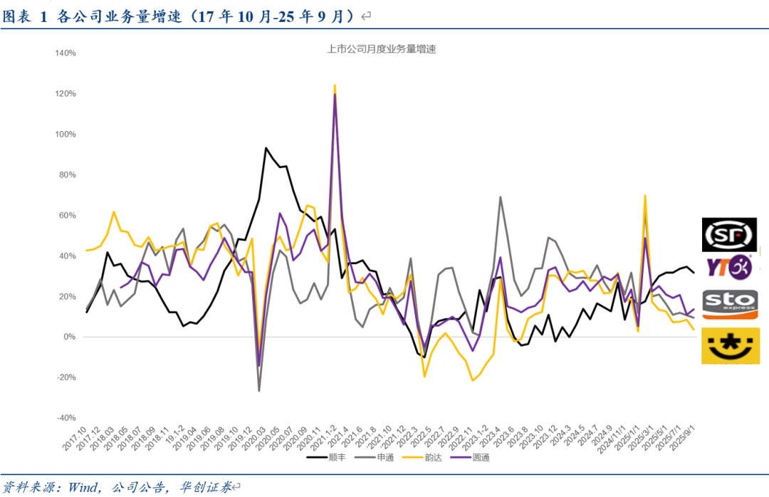 行业投资评级 - 快递行业投资评级为“推荐”,且为“维持”状态 [2] 核心观点 - 通达系(圆通、申通、韵达)单票收入环比继续提升,较7月均提升0.1元以上,后续业绩弹性可期 [2] - 8-9月单票收入数据验证了行业提价逻辑,随着10月旺季到来,预计有望进一步表现 [7] - 继续强调“反内卷”下的投资机会,后续进入“收入-业绩弹性”验证期 [7] 上市公司业务量表现 - 9月业务量同比增速:顺丰(31.8%)>圆通(13.6%)>申通(9.5%)>韵达(3.6%)[7] - 1-9月业务量累计同比增速:顺丰(28.3%)>圆通(19.4%)>申通(17.1%)>韵达(13.0%)[7] - 顺丰当月业务量为15.04亿件,圆通为26.27亿件,申通为21.87亿件,韵达为21.10亿件 [9] 上市公司收入表现 - 9月快递业务收入同比增速:申通(14.9%)=圆通(14.9%)>顺丰(14.2%)>韵达(4.1%)[7] - 1-9月收入累计同比增速:申通(14.8%)>圆通(13.5%)>顺丰(11.7%)>韵达(6.6%)[7] - 9月快递业务收入:圆通57.99亿元,顺丰208.54亿元,申通46.33亿元,韵达42.52亿元 [9] 单票收入分析 - 9月单票收入及环比变化:申通2.12元(环比+2.9%,+0.06元),韵达2.02元(环比+5.2%,+0.10元),圆通2.21元(环比+2.8%,+0.06元),顺丰13.87元(环比+4.5%,+0.60元)[7] - 9月单票收入较7月提升幅度:申通提升0.15元(+7.6%),圆通提升0.13元(+6.3%),韵达提升0.11元(+5.8%),顺丰提升0.32元(+2.4%)[7] - 1-9月累计单票收入:申通2.02元(同比-2.0%),韵达1.94元(同比-5.7%),圆通2.18元(同比-4.9%),顺丰13.83元(同比-13.0%)[7] 电商快递投资建议 - 重点推荐圆通速递:核心指标追近龙头,A股电商快递中质地最优,看好反内卷下业绩强弹性 [7] - 持续看好申通快递:“反内卷”下作为拐点型企业业绩弹性大,同时关注公司拟整合丹鸟业务带来的股东方赋能预期 [7] - 推荐极兔速递:Q3东南亚件量同比增长79%,东南亚高景气投资叠加“反内卷”有助于国内市场盈利稳定 [7] - 推荐中通快递:估值处于低位,一旦价格弹性启动,具备高性价比 [7] 顺丰控股投资建议 - 持续看好顺丰投资机会:公司激活经营策略,业务量提速推升收入增速,年初至今件量增速第一 [7] - 从自由现金流视角看,公司自由现金流可持续优化,经过股价调整后具备投资性价比 [7]
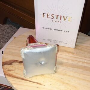 Hand Blown Glass Pink & Silver Eiffel Tower Ornament 5” New
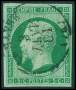 1849. Ceres, 15 Centimes, grøn. Flot fuldrandet eksemplar. AFA: 10.000
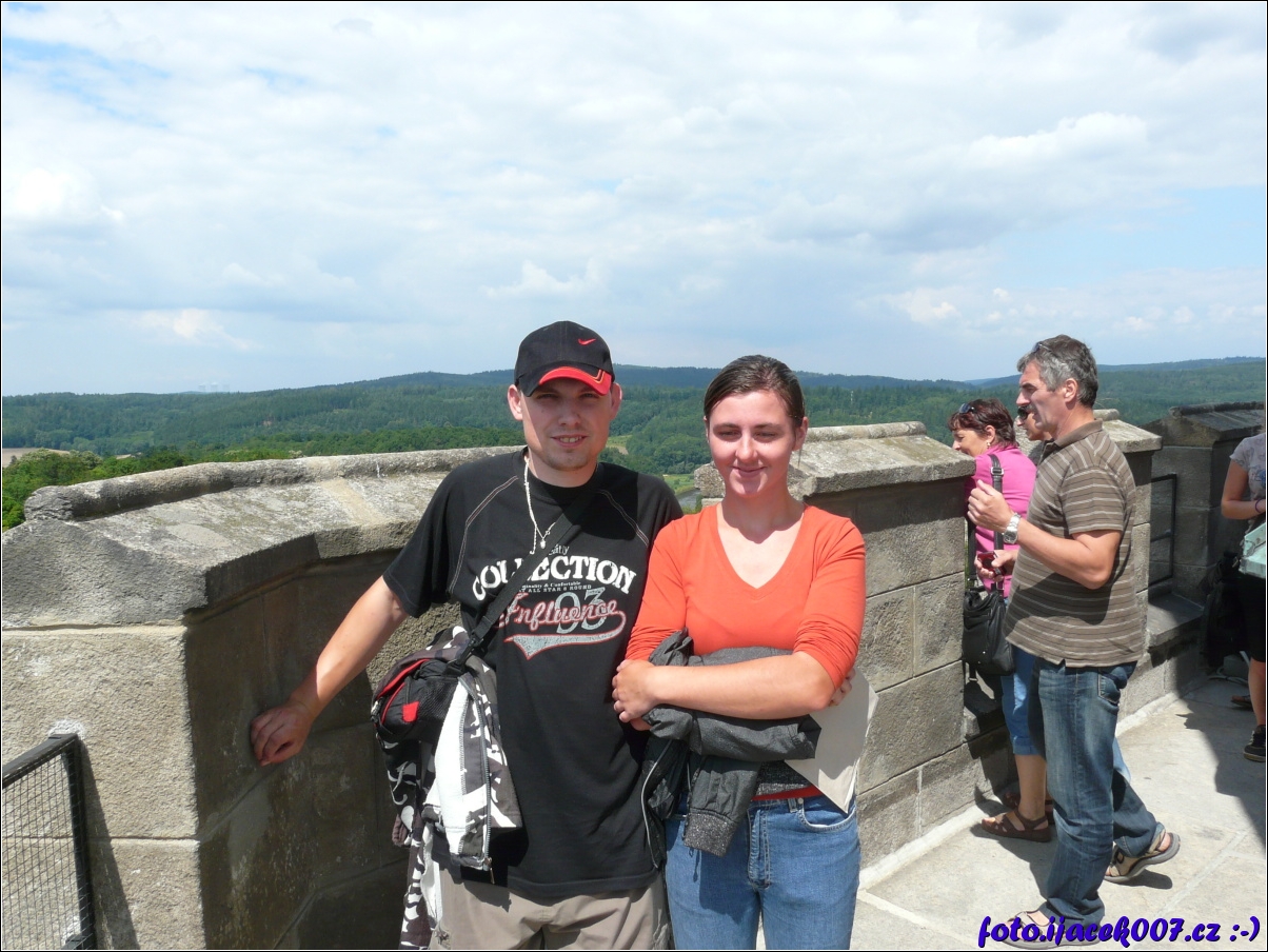 Foto dukaz že i geosektetářky které se bojí výšek mohou vylezt na věž zámku.

EXERCISE:
Your copy must consist solely of the lines from the one containing "1849. Ceres, 15" through the final line of the material above, transcribed exactly, with the pictures left out.

OUTPUT OF THE EXERCISE:
 1849. Ceres, 15 Centimes, grøn. Flot fuldrandet eksemplar. AFA: 10.000
 Foto dukaz že i geosektetářky které se bojí výšek mohou vylezt na věž zámku.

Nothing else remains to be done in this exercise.